# I need some help guys. ( serious stuffy here)



## sachem allison (Mar 14, 2012)

You guys know that I am not one to ask for help lightly, but this isn't for me. I met a young lady, the other day who just lit up my world ( not the pastry chef) She is a beautiful spirit and a beautiful lady and she has suffered from multiple bouts of Cancer. She is tough and feisty. She found out that I was part Native American and told me that she had been having dreams of flying away with birds and finally being free and happy. As a Native, I know what that dream means and the birds that she picked couldn't have been more apt. They are very sacred to many tribes and are messengers of sorts and tricksters. I want to make her a medicine bundle, for her journey. She isn't afraid, she considers it a new life and she will finally be able to fly. I have very rarely been privileged enough to come into contact with a more compassionate group of people than you guys, I am not asking for donations. I need help finding feathers. I need some red tailed hawk, bluebird, raven(not crow) and owl feathers. I normally have these or can get them from various medicine men or elders, but I now live in NYC and communication on the rez is mediocre at best and many of my feathers were destroyed or taken during the robbery, not because they knew what they were taking.
I know that many of you guys live in areas were these birds are and may have picked some up in your walks or travels. If you guys could spare one or two, I would be forever in your debt and you will give a beautiful young lady a chance to fly.
Thank you, Sachem Son


----------



## Mike Davis (Mar 14, 2012)

Son, i am an avid fly fisherman and i tie my own flies. I will look in my stash and see what i can find, I will also get with a few friends and see what i can get for you.


----------



## Chifunda (Mar 14, 2012)

sachem allison said:


> I need some red tailed hawk, bluebird, raven(not crow) and owl feathers.



Please know that I'm not trying to be some dick-head spoil sport but the possession of migratory bird and/or raptor feathers is illegal and penalties can be severe. I understand that there are some exemptions for Native Americans but beyond that the laws are quite clear. 

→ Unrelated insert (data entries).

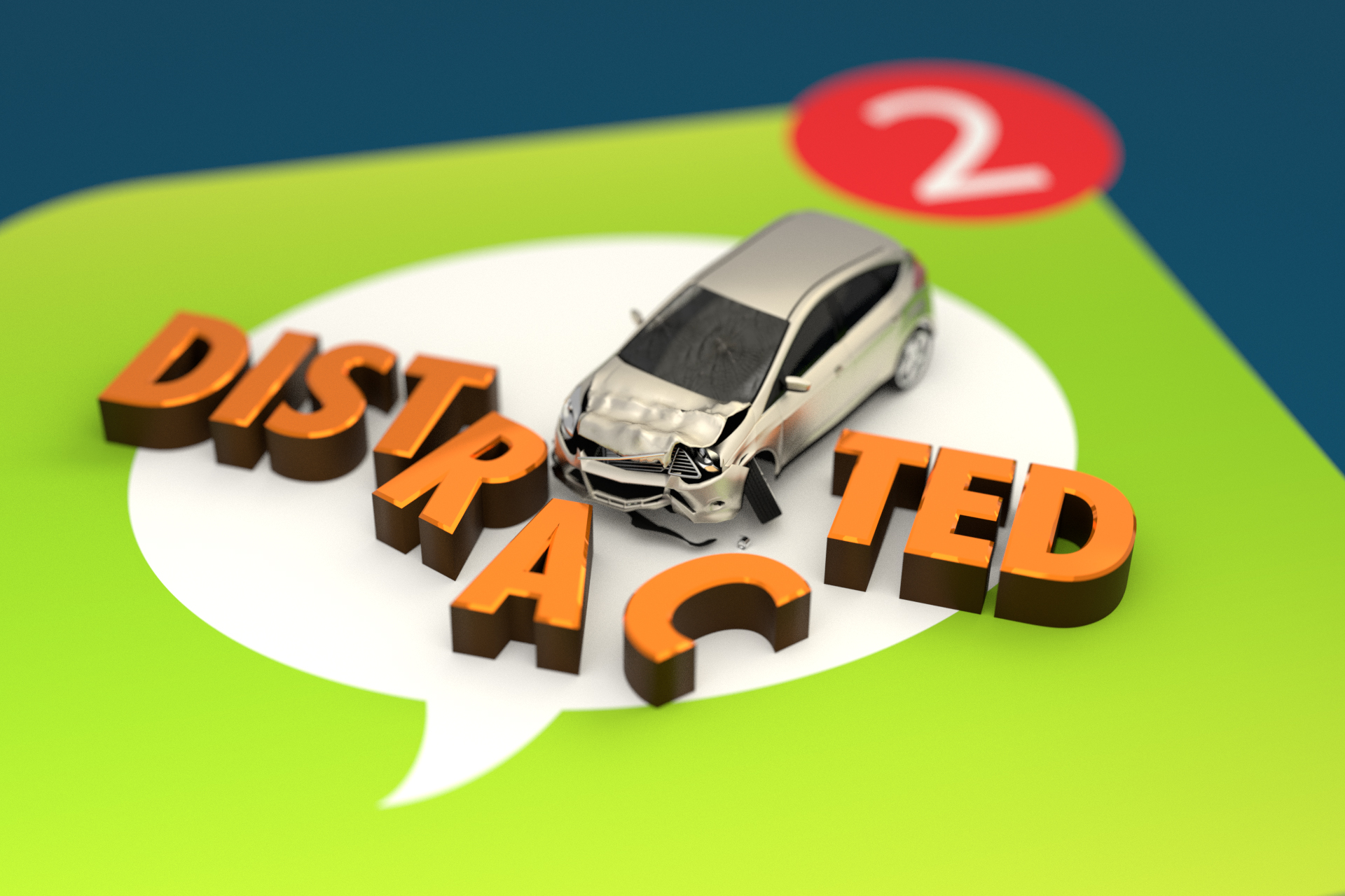 Small car with damage crashed through DISTRACTED letters on top of mobile messaging app icon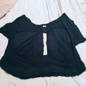 Black, Brandy Melville, sheer, crop top with white "strap" in between two back cutouts! Worn once on vacation! Super cute, comfortable, and light!!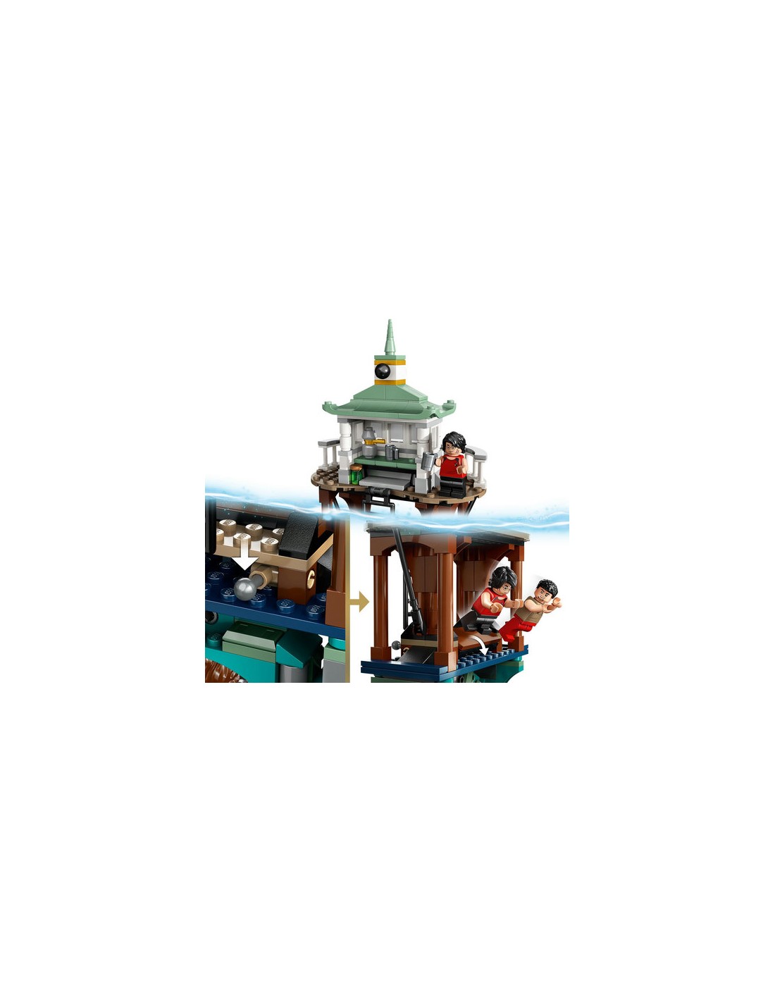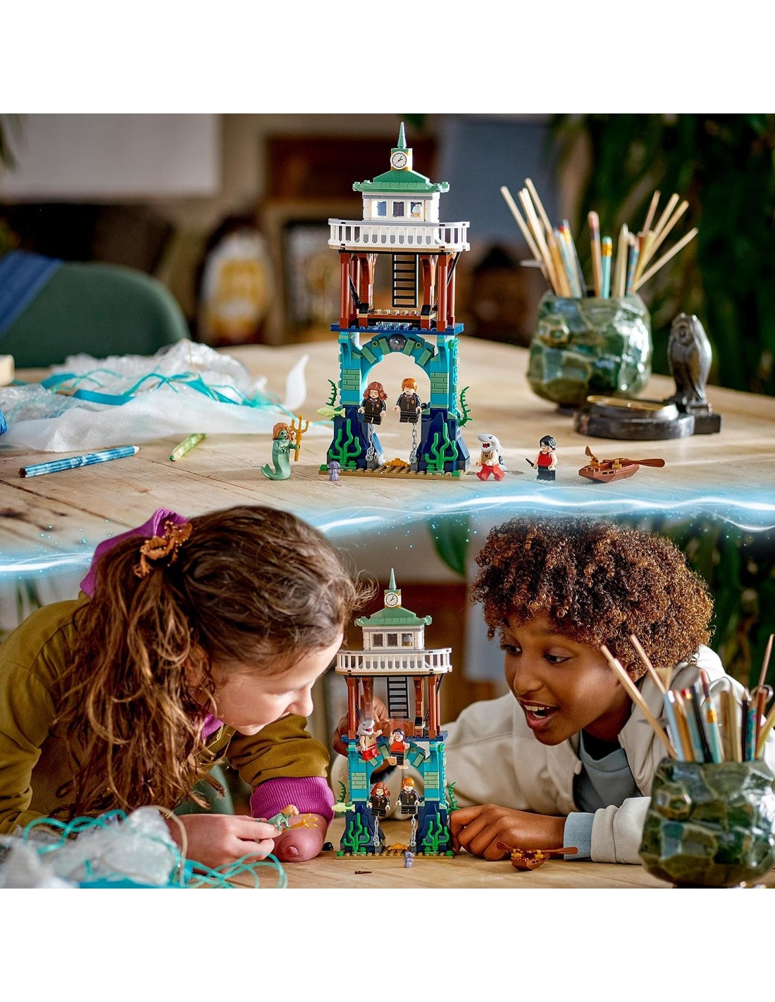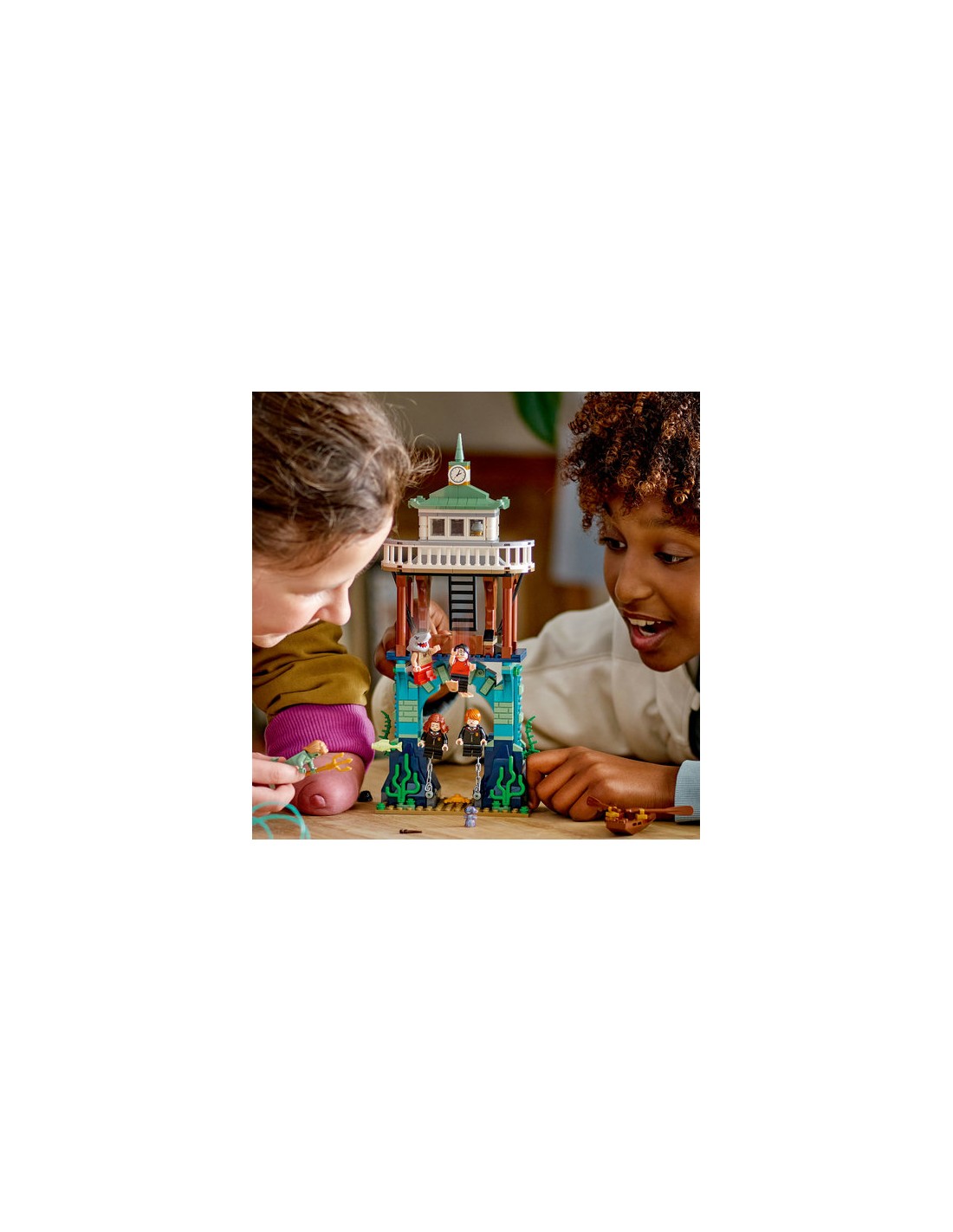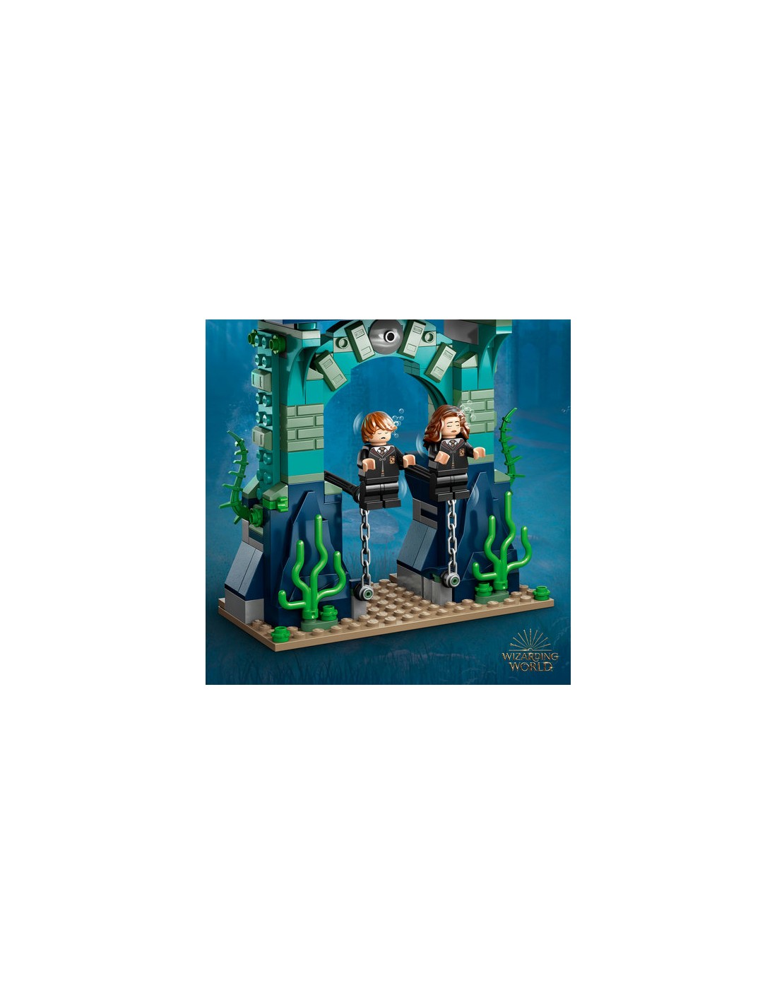 È presente anche un modello di molo, con funzione di immersione della minifigure, che può essere posizionato sopra la scena sott'acqua. Personaggi leggendari Dai vita a una scena classica di Harry Potter e il Calice di Fuoco con 5 minifigure LEGO, tra cui Harry Potter con elementi pinna e Viktor Krum con un elemento testa di squalo per aiutarli a salvare Hermione Granger e Ron Weasley.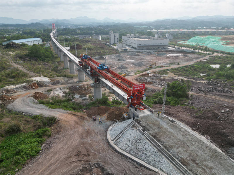 4月13日上昼,跟着架梁功课东谈主员将1片32米T梁稳稳架设在湘水特大桥桥墩上,象征着瑞梅铁路全线重难点遏抑性工程——湘水特大桥完成T梁架设,为下一步铺轨施工提供条款。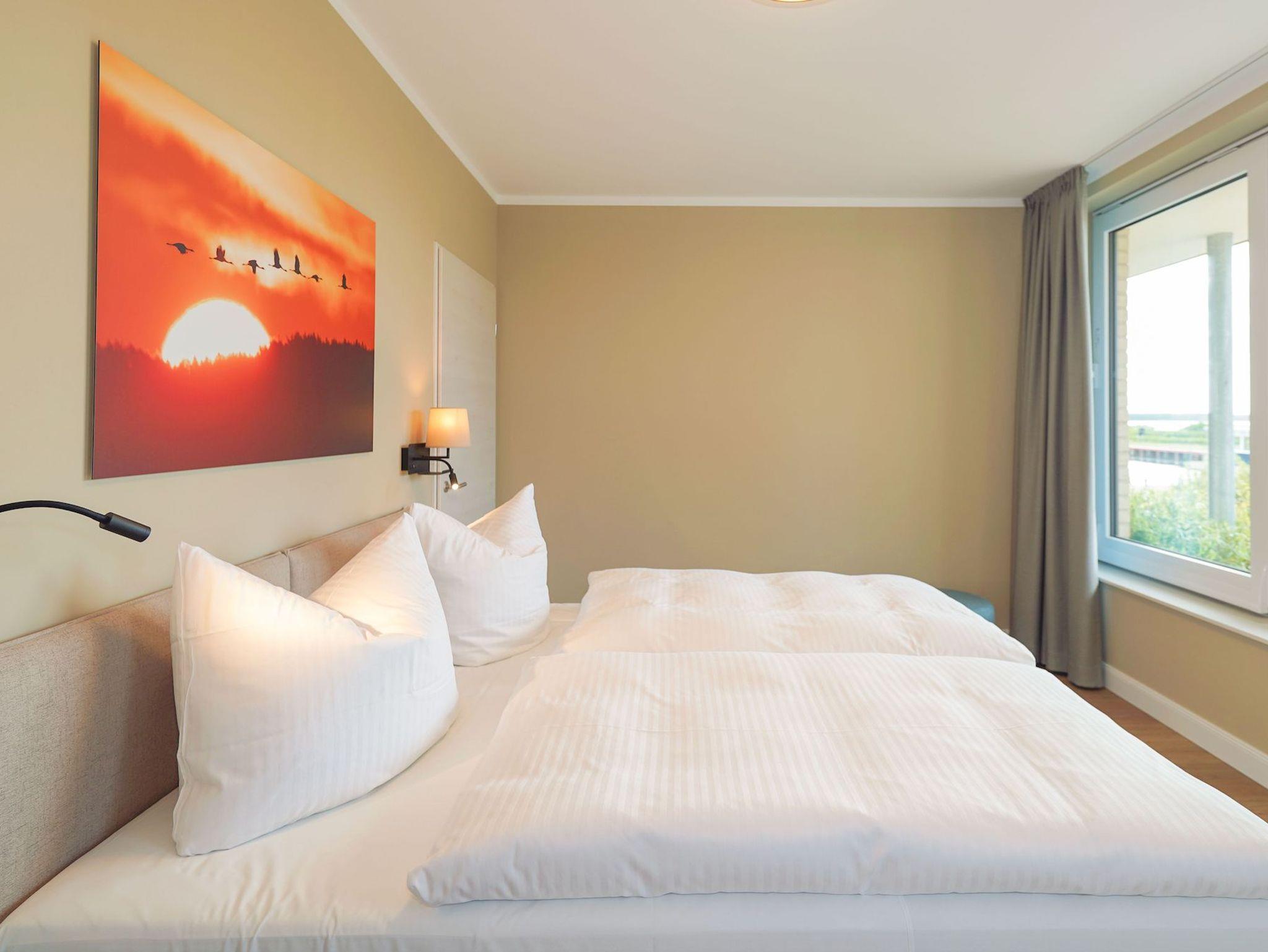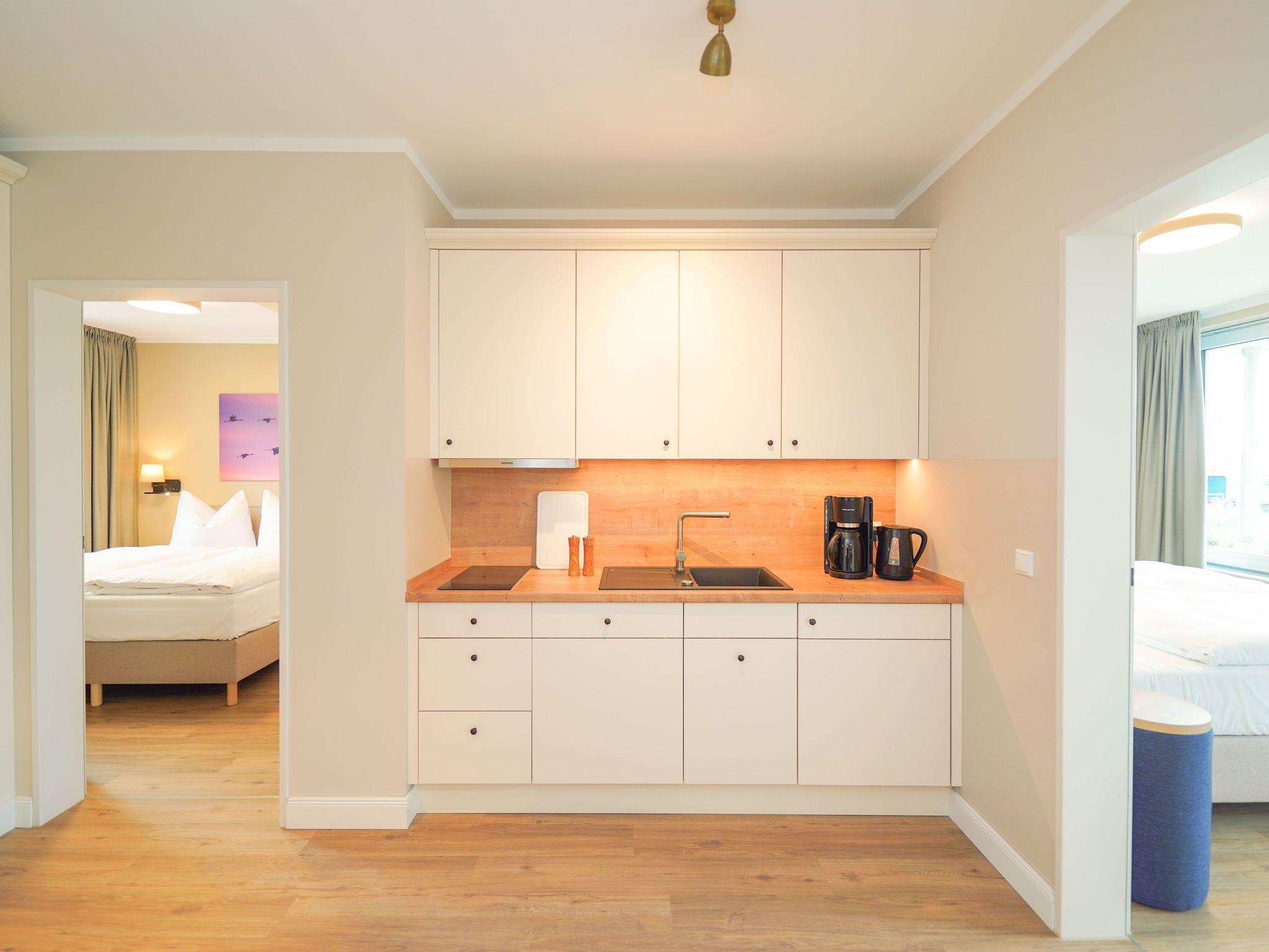 75m² Suite im EG, barrierefrei, bis zu 4 Personen. 2 Schlafzimmer mit Doppel-Boxspringbett (180x200). Voll-ausgestattete 2-Stellen Kochfeld Küche. 15 m² Veranda mit einmaligem Blick auf den Hafen. Nichtraucher-Suite. Hund möglich: 15€/Tag. Parkplatzund WLAN sind inklusive. Dachsauna mit Terrasse, Fitnessraum und Frühstück sind vor Ort zu buchbar. Wäschepaket und Endreinigung einmalig 139,- €.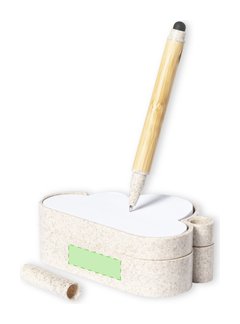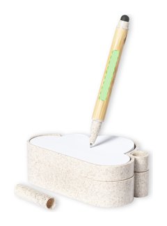 Portanotas semillas de línea nature con original diseño nube. Incluye: Bloc de 80 notas blancas en forma de nube. Base con soporte para bolígrafo y dos compartimentos, con hoja de papel semilla incluida. Fabricado en caña de trigo, para así fomentar la utilización de materias primas naturales y reducir las emisiones contaminantes. Bolígrafo puntero con cuerpo fabricado en bambú; capucha y detalles en caña de trigo. En tinta azul. Set presentado en caja individual de diseño kraft, con manual de instrucciones en español e inglés.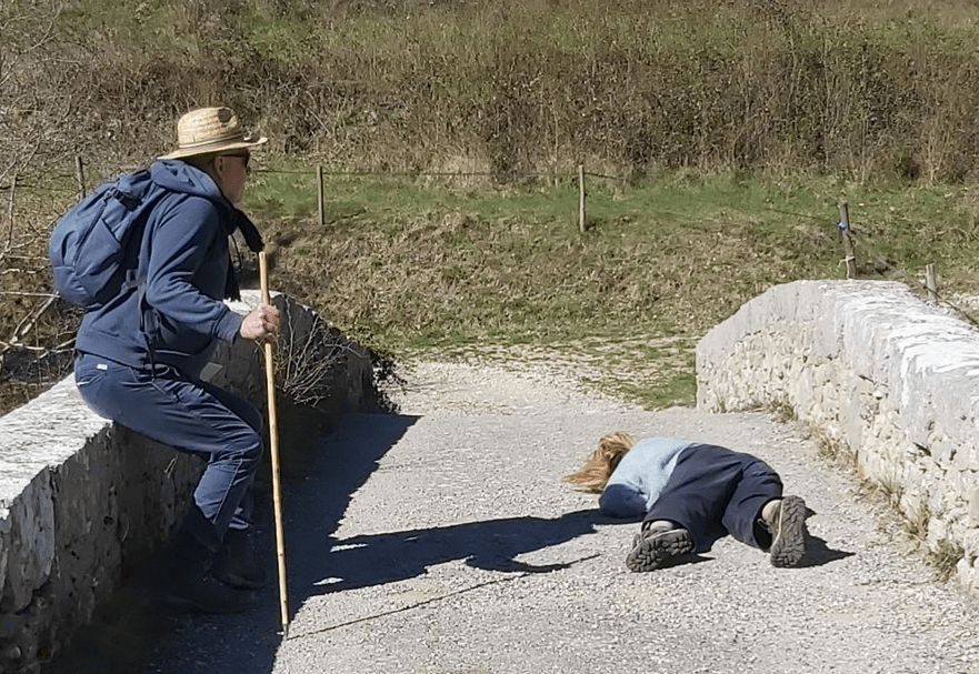 Nous descendons progressivement jusqu’au pont qui traverse la rivière. C’est là que nous attendent Dominique Massaut et Emmanuelle Pepin. Le poète entonne un poème très bien choisi, que l’on dirait écrit pour l’occasion, en ce qu’il évoque des choses qui se trouvent autour de nous : rivière, montagne, ciel, eau… En même temps, la danseuse Emmanuelle Pepin entreprend une performance corporelle silencieuse, avec des gestes très lents qui miment la marche, jusqu’à se rapprocher progressivement du sol. Ils traversent très lentement le pont, et nous leur emboitons le pas, poursuivant notre marche.

I understand and applaud your motivation...just sayin' be careful. All it takes is one overzealous DNR agent or the like. There are plenty of non native species with attractive plumage that might serve your purposes.


----------



## hax9215 (Mar 14, 2012)

I have a Boy Scout Troop here in Louisville, and we are going out this weekend-we will search. Amazingly enough, there is a pair of Red Tails in our neighborhood, I have seen the male hunting and perching on the fence outside my window. I will check for feathers. My respect for you grows, Son.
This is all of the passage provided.